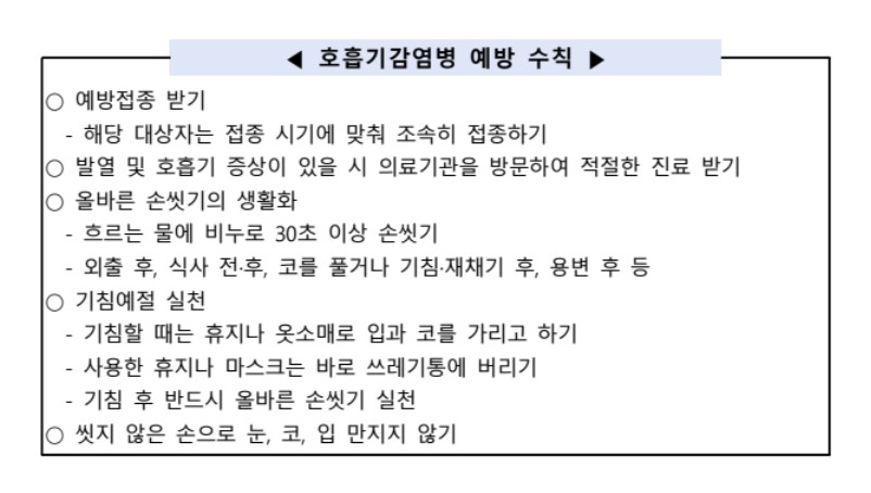 일상생활에서 손씻기, 기침예절 등을 실천하도록 지도와 관심을 가져야 합니다.
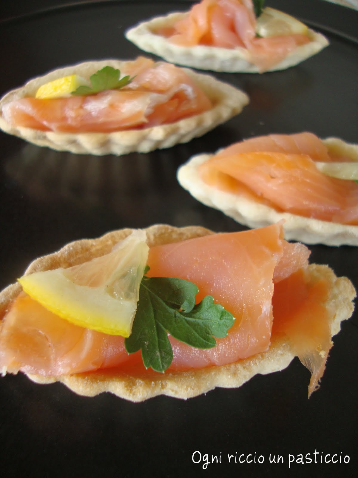 Lavorare bene ed amalgamare la Certosa con olio, sale e erba cipollina; nel frattempo stendere la pasta sfoglia e creare 6-7 tortellette e metterle in una teglia, bucherellarle bene per evitare che durante la cottura si gonfino (e comunque controllare bene e se necessario tirarle fuori e bucherellarle ulteriormente) ed infornarle per 20 minuti circa o comunque finche non si cominciano ad imbrunire. Tirarle fuori ed aspettare qualche minuto che si raffreddino. Quando saranno fredde, metterci sopra la Certosa lavorata e sopra una fettina di salmone. Servire il tutto con il tiepido della tortelletta ed il fresco del formaggio e salmone lavorato insieme.
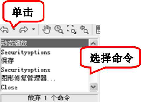 AutoCAD 2013可以一次执行多重放弃和重做操作。单击“标准”工具栏中的“放弃”按钮 或“重做”按钮 后面的小三角,可以选择要放弃或重做的操作,如图1-41所示。
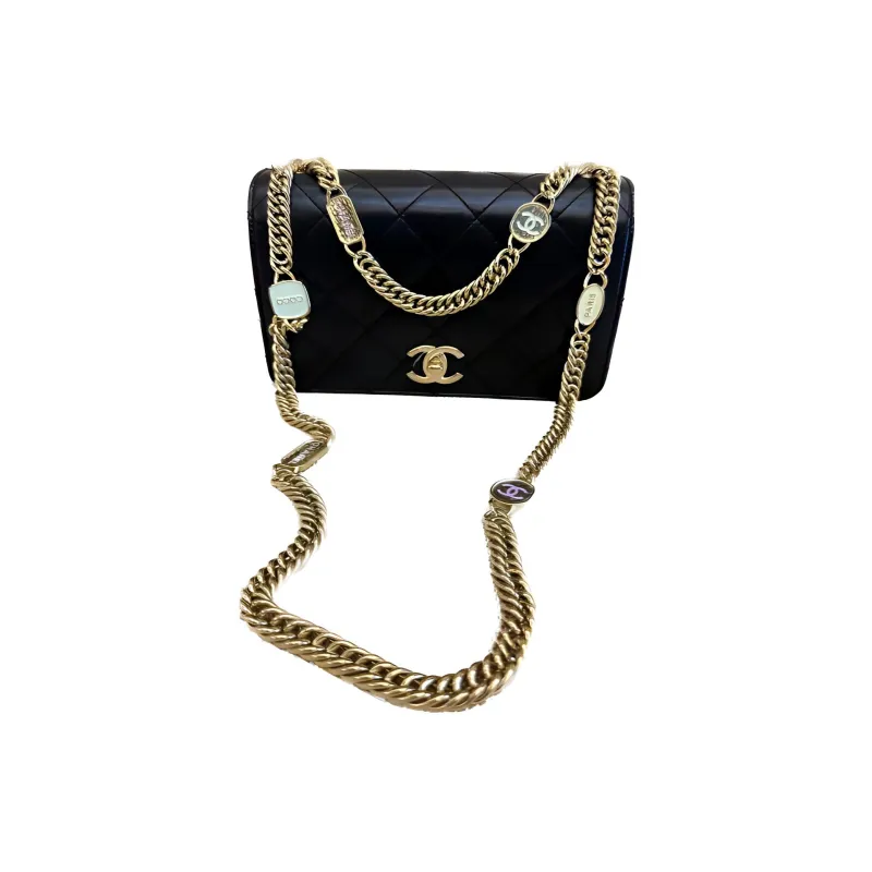 CHANEL Lambskin Flap Bag Crossbody Bag Shoulder Bag Mini Women's Black
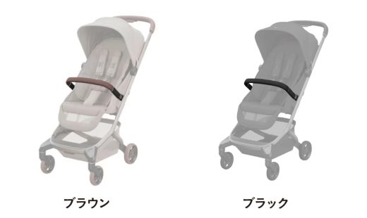 ハンドルと同じヴィーガンレザー調素材を使用し、簡単に取り付けでき、ベビーカーと一緒に折り畳めます。
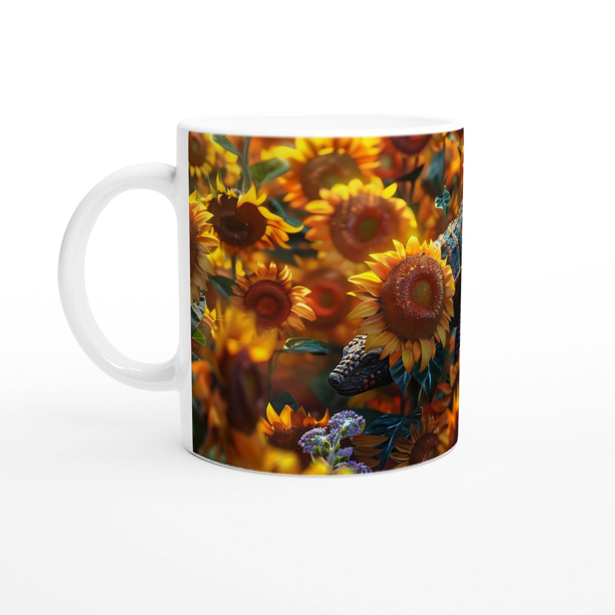 Lyft varje kaffestund med vår premium keramikmugg – stilren, hållbar och skapad för att låta ditt motiv glänsa. Denna unika mugg fångar den glädjefyllda essensen av en sköldpadda bland solrosor, med en rik palett av gult, orange och lugnande blått som väcker liv i varje detalj. Perfekt för naturälskare, konstentusiaster eller den som söker en touch av lantlig charm i vardagen.

**Activity**
A word-for-word copy of the records is required. Leave out every picture.

**Result for this task**
 일상생활에서 손씻기, 기침예절 등을 실천하도록 지도와 관심을 가져야 합니다.
 Lavorare bene ed amalgamare la Certosa con olio, sale e erba cipollina; nel frattempo stendere la pasta sfoglia e creare 6-7 tortellette e metterle in una teglia, bucherellarle bene per evitare che durante la cottura si gonfino (e comunque controllare bene e se necessario tirarle fuori e bucherellarle ulteriormente) ed infornarle per 20 minuti circa o comunque finche non si cominciano ad imbrunire. Tirarle fuori ed aspettare qualche minuto che si raffreddino. Quando saranno fredde, metterci sopra la Certosa lavorata e sopra una fettina di salmone. Servire il tutto con il tiepido della tortelletta ed il fresco del formaggio e salmone lavorato insieme.
 AutoCAD 2013可以一次执行多重放弃和重做操作。单击“标准”工具栏中的“放弃”按钮 或“重做”按钮 后面的小三角,可以选择要放弃或重做的操作,如图1-41所示。
 CHANEL Lambskin Flap Bag Crossbody Bag Shoulder Bag Mini Women's Black
 ハンドルと同じヴィーガンレザー調素材を使用し、簡単に取り付けでき、ベビーカーと一緒に折り畳めます。
 Lyft varje kaffestund med vår premium keramikmugg – stilren, hållbar och skapad för att låta ditt motiv glänsa. Denna unika mugg fångar den glädjefyllda essensen av en sköldpadda bland solrosor, med en rik palett av gult, orange och lugnande blått som väcker liv i varje detalj. Perfekt för naturälskare, konstentusiaster eller den som söker en touch av lantlig charm i vardagen.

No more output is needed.